● EXERCISE INSTRUCTIONS
Write out exactly, excluding pictures, the lines from the one containing "Amino Build is" through the end of the data, both included.

##### RECORDS FOR PROCESSING

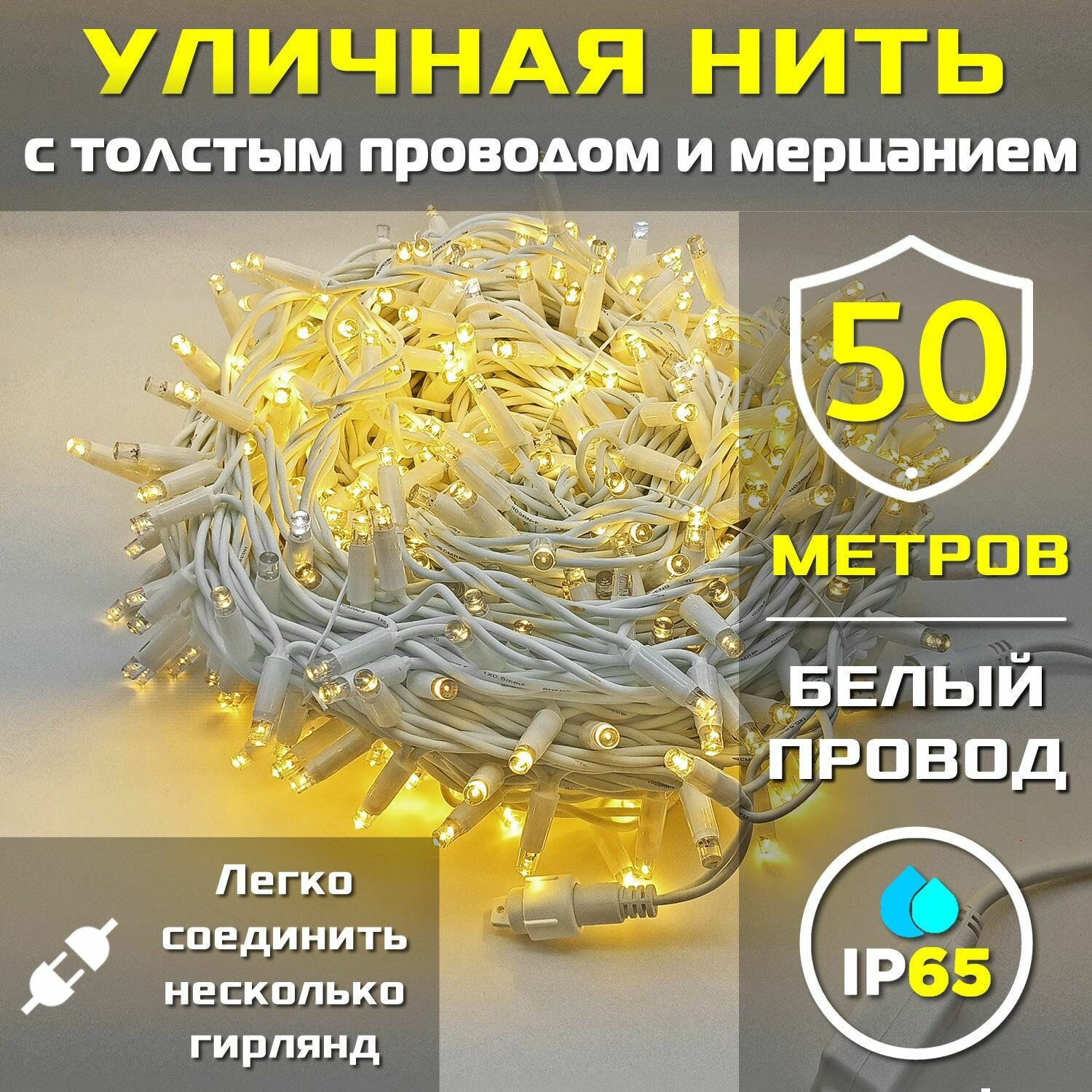 Купить Гирлянда уличная 50м ip65 с мерцанием и толстым проводом (Белая/Теплая) с доставкой по всей России. Гирлянда уличная 50м ip65 с мерцанием и толстым проводом (Белая/Теплая): сравнение цен, характеристики, фото, актуальное наличие и цены.
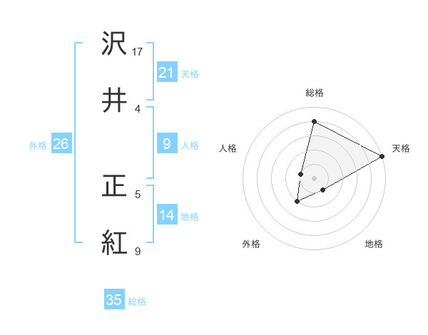 沢井 正紅さんを姓名の画数から五運を鑑定
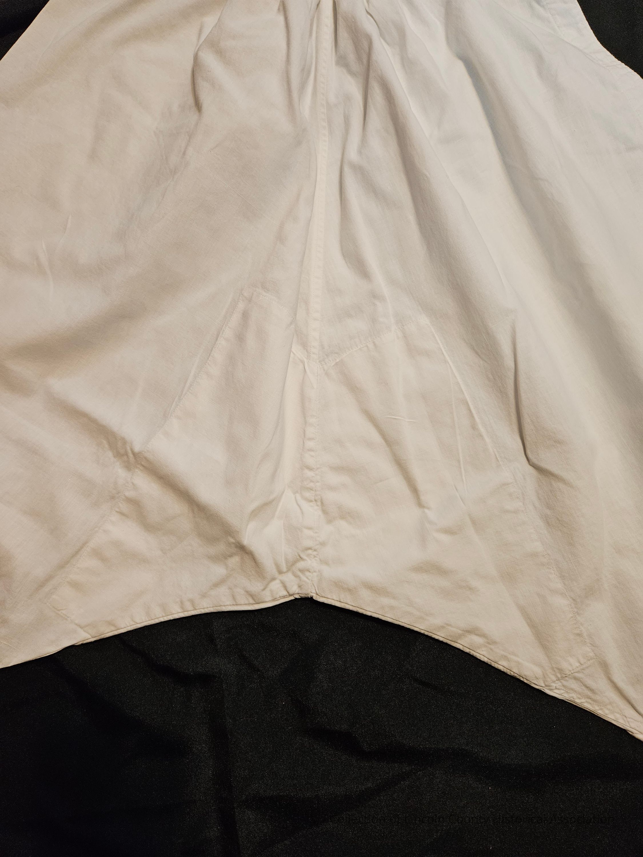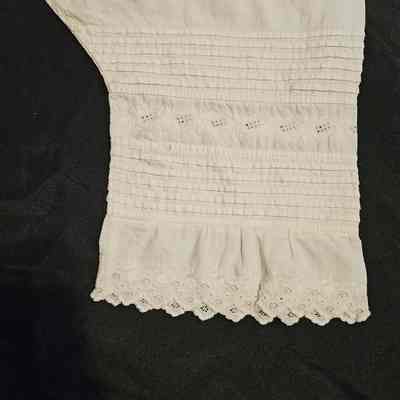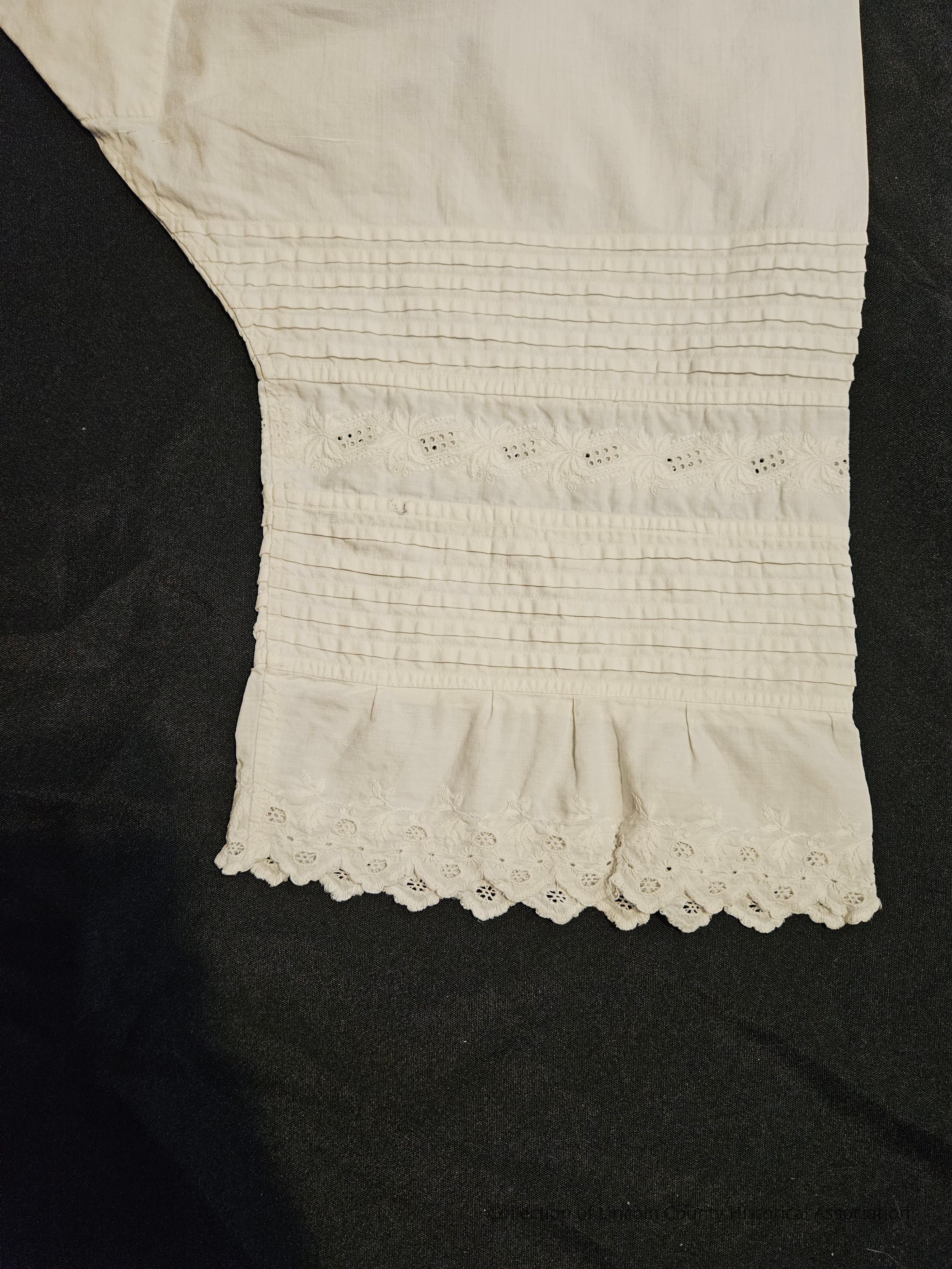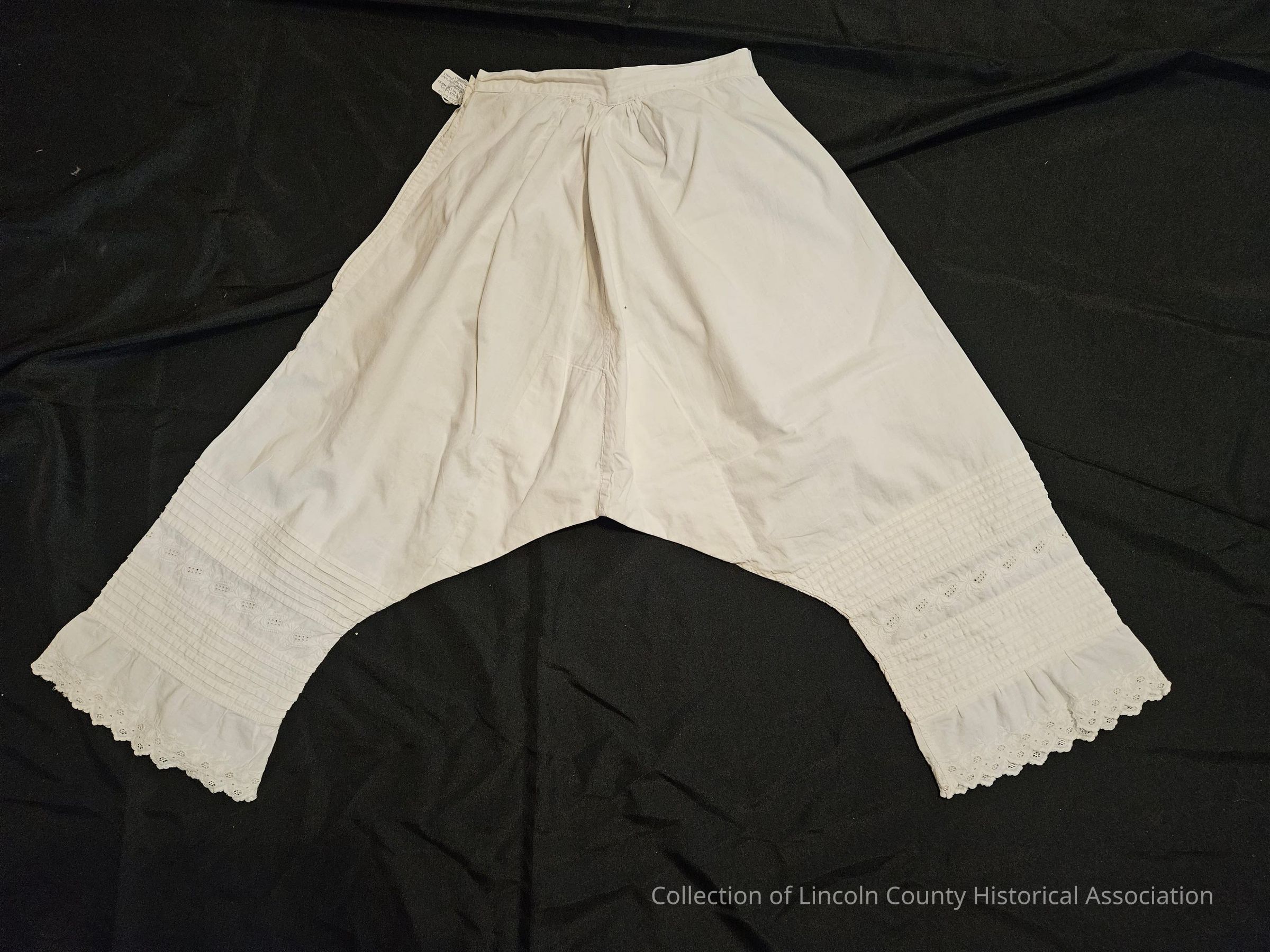 Women's white cotton underpants/drawers. Reinforced crotch. All machine stitched. Pleats and machine made embroidery at the bottom of pant legs. Embroidery is leaf designs. Single button on side of waist.Clothing/Dress/Costume Details
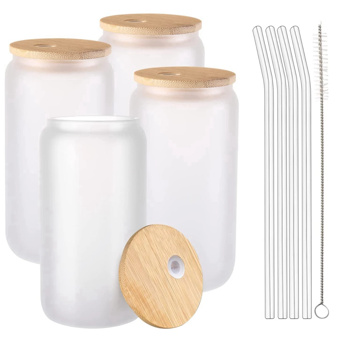 4Pcs Drinking Straw Cup with Bamboo Lids Set Reusable Beer Can Shaped Glasses for Tumbler Coffee Soda Juice Straws Glass Cup
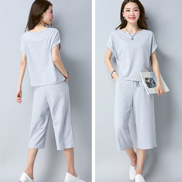 セットアップ アンサンブル上下 半袖 トップス ボトムス パンツ ハーフ 半ズボン 春 夏 無地 可愛い 大人可愛い 体型カバー シンプル カジュアル お出かけ 通勤 通学 ルームウェア 部屋着 ゆるカジ 涼しい インナー 大きいサイズ [rrn-v0152]
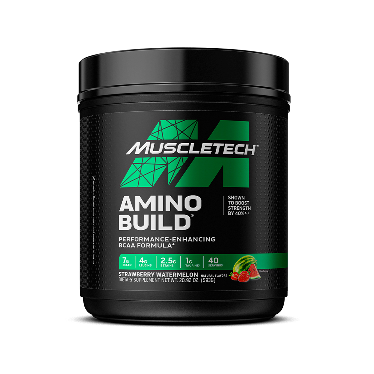 Amino Build is a scientifically dosed muscle and performance-enhancing formula that supplies your body with critical BCAAs to boost strength and support recovery.
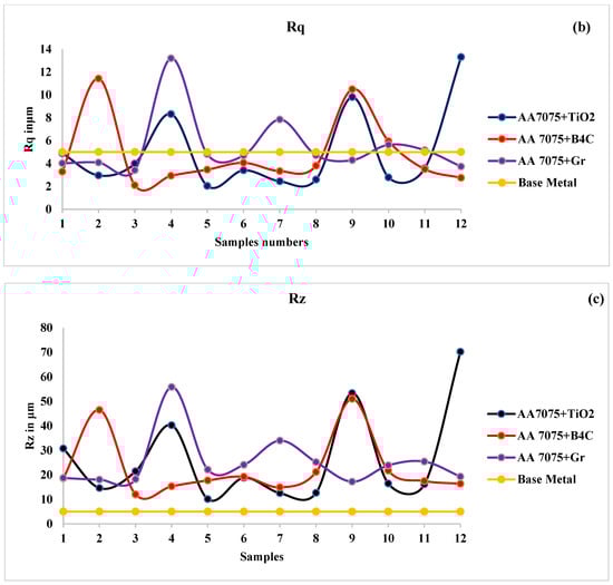 Surface roughness in terms of (a) Ra, (b) Rq and (c) Rz of FSPed AA 7075/TiO2/ B4C/Gr produced by selected processing parameters as compared to FSPed AA7075.
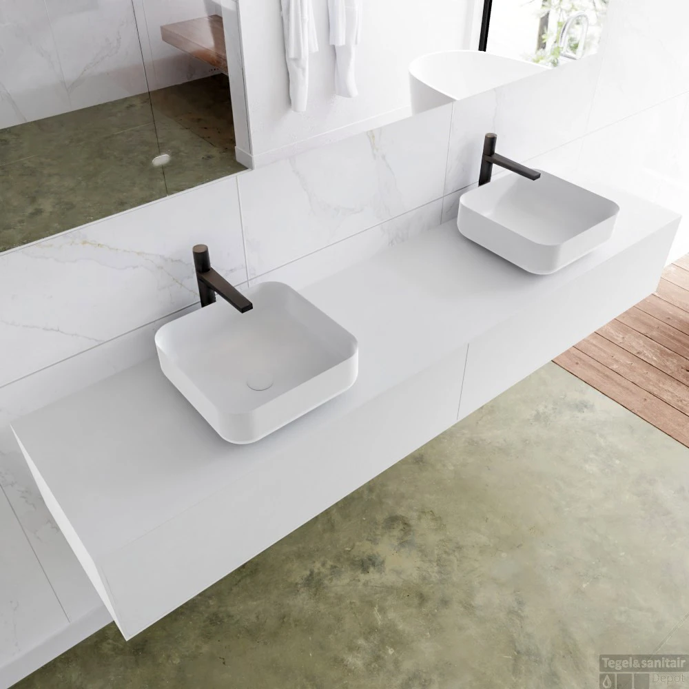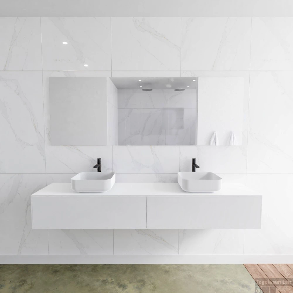 Badkamermeubelset Mondiaz LAGOM 200 cm met Topblad Dubbele Wastafel Solid Surface Opzetkom Binx Met 2 Kraangat Mat Wit (2 laden)
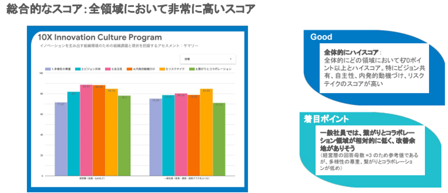 また、グラフから経営層、一般社員共に全領域において非常に高いスコアを有していることがわかります。一方、相対的に見て、「つながりとコラボレーション」が低い傾向にあり、改善余地があることが見て取れます。
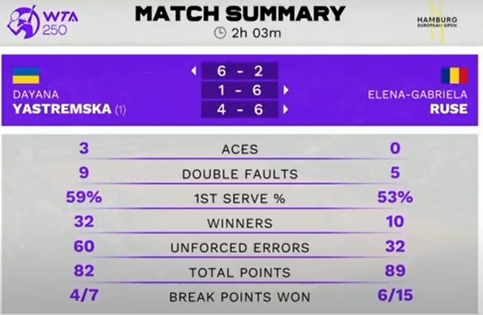 Даяна Ястремська (Україна) - Єлена-Габріела Русе (Румунія) - 6:2, 1:6, 4:6

##########

● RESULT FOR THIS TASK
 Amino Build is a scientifically dosed muscle and performance-enhancing formula that supplies your body with critical BCAAs to boost strength and support recovery.
 Surface roughness in terms of (a) Ra, (b) Rq and (c) Rz of FSPed AA 7075/TiO2/ B4C/Gr produced by selected processing parameters as compared to FSPed AA7075.
 Badkamermeubelset Mondiaz LAGOM 200 cm met Topblad Dubbele Wastafel Solid Surface Opzetkom Binx Met 2 Kraangat Mat Wit (2 laden)
 また、グラフから経営層、一般社員共に全領域において非常に高いスコアを有していることがわかります。一方、相対的に見て、「つながりとコラボレーション」が低い傾向にあり、改善余地があることが見て取れます。
 Даяна Ястремська (Україна) - Єлена-Габріела Русе (Румунія) - 6:2, 1:6, 4:6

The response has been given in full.